[Start of Attachment]
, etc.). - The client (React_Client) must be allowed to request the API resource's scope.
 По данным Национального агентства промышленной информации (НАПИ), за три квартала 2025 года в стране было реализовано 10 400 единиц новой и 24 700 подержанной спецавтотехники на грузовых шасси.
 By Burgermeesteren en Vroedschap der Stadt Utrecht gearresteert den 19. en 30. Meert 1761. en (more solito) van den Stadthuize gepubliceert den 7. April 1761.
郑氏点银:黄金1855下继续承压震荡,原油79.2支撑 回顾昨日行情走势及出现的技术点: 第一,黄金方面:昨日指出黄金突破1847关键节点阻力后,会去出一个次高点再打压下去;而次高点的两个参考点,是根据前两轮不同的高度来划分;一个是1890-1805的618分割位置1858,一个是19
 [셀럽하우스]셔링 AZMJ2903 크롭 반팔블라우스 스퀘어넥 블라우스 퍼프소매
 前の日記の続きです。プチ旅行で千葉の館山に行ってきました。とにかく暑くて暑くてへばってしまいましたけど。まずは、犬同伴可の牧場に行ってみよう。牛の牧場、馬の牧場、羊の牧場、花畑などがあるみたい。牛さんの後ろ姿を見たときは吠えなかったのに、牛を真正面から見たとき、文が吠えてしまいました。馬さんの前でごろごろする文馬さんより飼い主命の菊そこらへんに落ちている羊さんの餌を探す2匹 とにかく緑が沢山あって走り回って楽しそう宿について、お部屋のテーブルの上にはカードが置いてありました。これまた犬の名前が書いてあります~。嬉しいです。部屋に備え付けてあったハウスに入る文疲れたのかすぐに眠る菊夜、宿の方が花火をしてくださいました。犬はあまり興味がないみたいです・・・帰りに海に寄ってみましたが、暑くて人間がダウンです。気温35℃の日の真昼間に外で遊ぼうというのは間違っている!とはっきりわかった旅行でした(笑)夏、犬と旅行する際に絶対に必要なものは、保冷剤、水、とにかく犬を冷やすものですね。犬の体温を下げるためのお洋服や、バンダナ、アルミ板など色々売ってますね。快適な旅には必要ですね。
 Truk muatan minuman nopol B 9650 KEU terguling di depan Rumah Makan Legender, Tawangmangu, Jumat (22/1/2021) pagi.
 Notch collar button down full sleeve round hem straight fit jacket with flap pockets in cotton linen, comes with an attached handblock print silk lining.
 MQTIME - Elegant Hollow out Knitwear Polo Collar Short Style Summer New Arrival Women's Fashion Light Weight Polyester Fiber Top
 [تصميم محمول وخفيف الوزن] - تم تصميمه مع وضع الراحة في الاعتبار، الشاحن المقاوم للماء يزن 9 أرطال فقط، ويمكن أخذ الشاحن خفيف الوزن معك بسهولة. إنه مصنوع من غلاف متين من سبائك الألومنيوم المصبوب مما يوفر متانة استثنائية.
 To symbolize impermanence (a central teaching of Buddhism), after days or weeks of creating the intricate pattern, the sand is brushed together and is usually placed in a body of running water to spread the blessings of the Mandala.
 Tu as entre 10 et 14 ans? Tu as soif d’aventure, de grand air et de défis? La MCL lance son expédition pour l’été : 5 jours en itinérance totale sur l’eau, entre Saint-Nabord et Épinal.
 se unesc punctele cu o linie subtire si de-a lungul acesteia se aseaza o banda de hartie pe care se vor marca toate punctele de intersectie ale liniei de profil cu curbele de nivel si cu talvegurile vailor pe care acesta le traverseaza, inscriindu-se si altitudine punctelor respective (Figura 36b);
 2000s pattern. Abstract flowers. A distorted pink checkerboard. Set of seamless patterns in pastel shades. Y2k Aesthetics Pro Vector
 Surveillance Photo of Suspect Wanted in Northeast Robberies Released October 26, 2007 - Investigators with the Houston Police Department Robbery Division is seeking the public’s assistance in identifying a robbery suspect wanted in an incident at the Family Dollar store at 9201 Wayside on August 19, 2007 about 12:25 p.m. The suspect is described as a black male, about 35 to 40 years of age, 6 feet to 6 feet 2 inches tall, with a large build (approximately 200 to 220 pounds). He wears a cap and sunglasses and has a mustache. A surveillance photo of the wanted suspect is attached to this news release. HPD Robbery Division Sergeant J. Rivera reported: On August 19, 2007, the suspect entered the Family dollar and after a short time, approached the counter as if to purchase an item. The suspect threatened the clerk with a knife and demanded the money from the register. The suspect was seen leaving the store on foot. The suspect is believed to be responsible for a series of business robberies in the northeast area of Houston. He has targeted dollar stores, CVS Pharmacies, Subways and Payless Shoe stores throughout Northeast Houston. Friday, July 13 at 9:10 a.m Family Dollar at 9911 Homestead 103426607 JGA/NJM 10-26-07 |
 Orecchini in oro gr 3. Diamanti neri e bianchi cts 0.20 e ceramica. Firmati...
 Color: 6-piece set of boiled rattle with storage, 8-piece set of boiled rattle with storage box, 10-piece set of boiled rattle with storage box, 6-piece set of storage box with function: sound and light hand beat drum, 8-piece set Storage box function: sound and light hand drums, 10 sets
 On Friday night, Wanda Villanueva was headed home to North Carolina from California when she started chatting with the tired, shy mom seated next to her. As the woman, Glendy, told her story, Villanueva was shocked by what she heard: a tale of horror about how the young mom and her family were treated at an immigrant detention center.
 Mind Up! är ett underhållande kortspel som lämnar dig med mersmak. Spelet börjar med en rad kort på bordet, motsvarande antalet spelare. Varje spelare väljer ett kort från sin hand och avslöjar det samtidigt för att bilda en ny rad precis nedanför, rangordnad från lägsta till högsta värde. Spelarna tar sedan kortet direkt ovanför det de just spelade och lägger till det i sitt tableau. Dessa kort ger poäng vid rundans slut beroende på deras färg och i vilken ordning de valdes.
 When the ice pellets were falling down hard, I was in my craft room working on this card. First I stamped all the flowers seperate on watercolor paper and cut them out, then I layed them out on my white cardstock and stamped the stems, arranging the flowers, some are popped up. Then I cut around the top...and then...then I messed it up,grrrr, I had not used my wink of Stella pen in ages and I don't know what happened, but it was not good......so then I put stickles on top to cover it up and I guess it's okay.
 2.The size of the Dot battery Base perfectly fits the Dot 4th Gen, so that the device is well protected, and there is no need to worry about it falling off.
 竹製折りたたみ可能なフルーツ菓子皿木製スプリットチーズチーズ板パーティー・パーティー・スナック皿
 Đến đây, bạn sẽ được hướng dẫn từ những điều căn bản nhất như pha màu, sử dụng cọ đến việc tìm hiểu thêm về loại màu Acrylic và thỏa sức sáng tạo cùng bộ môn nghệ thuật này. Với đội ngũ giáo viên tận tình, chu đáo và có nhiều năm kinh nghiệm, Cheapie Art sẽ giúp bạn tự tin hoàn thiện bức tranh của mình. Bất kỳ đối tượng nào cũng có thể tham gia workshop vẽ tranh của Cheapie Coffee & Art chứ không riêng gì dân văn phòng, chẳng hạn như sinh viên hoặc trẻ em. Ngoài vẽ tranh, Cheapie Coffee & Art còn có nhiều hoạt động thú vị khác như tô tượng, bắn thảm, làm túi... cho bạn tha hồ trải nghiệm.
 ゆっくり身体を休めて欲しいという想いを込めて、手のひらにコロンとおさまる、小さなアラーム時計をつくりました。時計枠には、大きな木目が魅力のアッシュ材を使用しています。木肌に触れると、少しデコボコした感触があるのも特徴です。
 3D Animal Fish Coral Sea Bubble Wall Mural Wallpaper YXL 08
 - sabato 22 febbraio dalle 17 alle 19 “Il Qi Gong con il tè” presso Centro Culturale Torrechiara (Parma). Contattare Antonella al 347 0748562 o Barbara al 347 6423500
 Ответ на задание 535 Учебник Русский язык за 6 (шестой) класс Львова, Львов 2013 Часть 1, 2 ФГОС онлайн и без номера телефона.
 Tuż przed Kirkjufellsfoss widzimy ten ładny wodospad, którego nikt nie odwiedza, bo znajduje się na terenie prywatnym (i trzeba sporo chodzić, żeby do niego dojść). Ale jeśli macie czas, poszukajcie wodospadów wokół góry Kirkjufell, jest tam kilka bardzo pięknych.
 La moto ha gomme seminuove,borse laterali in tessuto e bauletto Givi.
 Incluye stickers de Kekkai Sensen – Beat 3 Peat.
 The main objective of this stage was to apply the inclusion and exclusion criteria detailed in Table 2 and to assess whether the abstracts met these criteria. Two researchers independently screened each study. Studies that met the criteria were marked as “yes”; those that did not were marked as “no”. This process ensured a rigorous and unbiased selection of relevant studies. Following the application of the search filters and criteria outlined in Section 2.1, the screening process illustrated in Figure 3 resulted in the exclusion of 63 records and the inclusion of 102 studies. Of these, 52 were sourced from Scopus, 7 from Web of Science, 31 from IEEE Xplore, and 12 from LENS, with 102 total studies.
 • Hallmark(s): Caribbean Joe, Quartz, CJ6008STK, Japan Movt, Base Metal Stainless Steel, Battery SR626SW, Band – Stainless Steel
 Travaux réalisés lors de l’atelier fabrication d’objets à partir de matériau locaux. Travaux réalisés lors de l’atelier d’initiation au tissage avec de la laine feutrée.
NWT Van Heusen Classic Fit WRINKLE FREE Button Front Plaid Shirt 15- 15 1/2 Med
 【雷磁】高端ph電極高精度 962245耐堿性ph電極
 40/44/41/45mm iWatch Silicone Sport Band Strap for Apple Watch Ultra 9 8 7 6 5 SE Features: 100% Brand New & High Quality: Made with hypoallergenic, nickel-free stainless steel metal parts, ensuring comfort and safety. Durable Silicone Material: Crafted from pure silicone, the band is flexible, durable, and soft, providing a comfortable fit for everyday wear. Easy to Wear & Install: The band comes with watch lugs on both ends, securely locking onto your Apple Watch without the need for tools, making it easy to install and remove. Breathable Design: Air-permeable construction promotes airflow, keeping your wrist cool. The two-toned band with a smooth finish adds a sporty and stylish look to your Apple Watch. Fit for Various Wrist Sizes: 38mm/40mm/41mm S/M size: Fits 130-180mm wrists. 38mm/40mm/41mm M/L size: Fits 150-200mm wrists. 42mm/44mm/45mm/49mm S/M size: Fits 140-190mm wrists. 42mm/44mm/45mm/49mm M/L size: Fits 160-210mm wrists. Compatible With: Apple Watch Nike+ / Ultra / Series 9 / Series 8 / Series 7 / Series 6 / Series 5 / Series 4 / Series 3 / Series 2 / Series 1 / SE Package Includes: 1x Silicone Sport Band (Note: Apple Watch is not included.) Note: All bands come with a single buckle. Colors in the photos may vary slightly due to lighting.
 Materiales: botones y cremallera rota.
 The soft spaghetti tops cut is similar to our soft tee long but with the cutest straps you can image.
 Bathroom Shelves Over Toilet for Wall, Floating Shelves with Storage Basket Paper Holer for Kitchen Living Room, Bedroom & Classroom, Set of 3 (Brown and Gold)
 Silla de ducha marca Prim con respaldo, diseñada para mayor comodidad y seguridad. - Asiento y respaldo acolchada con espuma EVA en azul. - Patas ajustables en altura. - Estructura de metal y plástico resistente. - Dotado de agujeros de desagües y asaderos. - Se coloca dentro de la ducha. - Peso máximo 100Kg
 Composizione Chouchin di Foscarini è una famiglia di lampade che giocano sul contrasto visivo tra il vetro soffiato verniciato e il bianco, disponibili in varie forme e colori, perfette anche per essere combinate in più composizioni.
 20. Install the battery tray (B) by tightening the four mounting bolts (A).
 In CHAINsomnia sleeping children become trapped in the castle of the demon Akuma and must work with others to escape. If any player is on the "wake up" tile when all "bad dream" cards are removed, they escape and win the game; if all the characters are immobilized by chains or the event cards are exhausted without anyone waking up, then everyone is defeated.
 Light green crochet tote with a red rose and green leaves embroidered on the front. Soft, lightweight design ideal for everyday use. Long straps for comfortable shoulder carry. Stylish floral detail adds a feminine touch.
[End of Attachment]
**AIM OF THE EXERCISE**
Will you return exactly the lines above from the one with "On Friday night, Wanda" down to the one with "2.The size of", counting both as part of the range?

**PROBLEM SOLUTION**
 On Friday night, Wanda Villanueva was headed home to North Carolina from California when she started chatting with the tired, shy mom seated next to her. As the woman, Glendy, told her story, Villanueva was shocked by what she heard: a tale of horror about how the young mom and her family were treated at an immigrant detention center.
 Mind Up! är ett underhållande kortspel som lämnar dig med mersmak. Spelet börjar med en rad kort på bordet, motsvarande antalet spelare. Varje spelare väljer ett kort från sin hand och avslöjar det samtidigt för att bilda en ny rad precis nedanför, rangordnad från lägsta till högsta värde. Spelarna tar sedan kortet direkt ovanför det de just spelade och lägger till det i sitt tableau. Dessa kort ger poäng vid rundans slut beroende på deras färg och i vilken ordning de valdes.
 When the ice pellets were falling down hard, I was in my craft room working on this card. First I stamped all the flowers seperate on watercolor paper and cut them out, then I layed them out on my white cardstock and stamped the stems, arranging the flowers, some are popped up. Then I cut around the top...and then...then I messed it up,grrrr, I had not used my wink of Stella pen in ages and I don't know what happened, but it was not good......so then I put stickles on top to cover it up and I guess it's okay.
 2.The size of the Dot battery Base perfectly fits the Dot 4th Gen, so that the device is well protected, and there is no need to worry about it falling off.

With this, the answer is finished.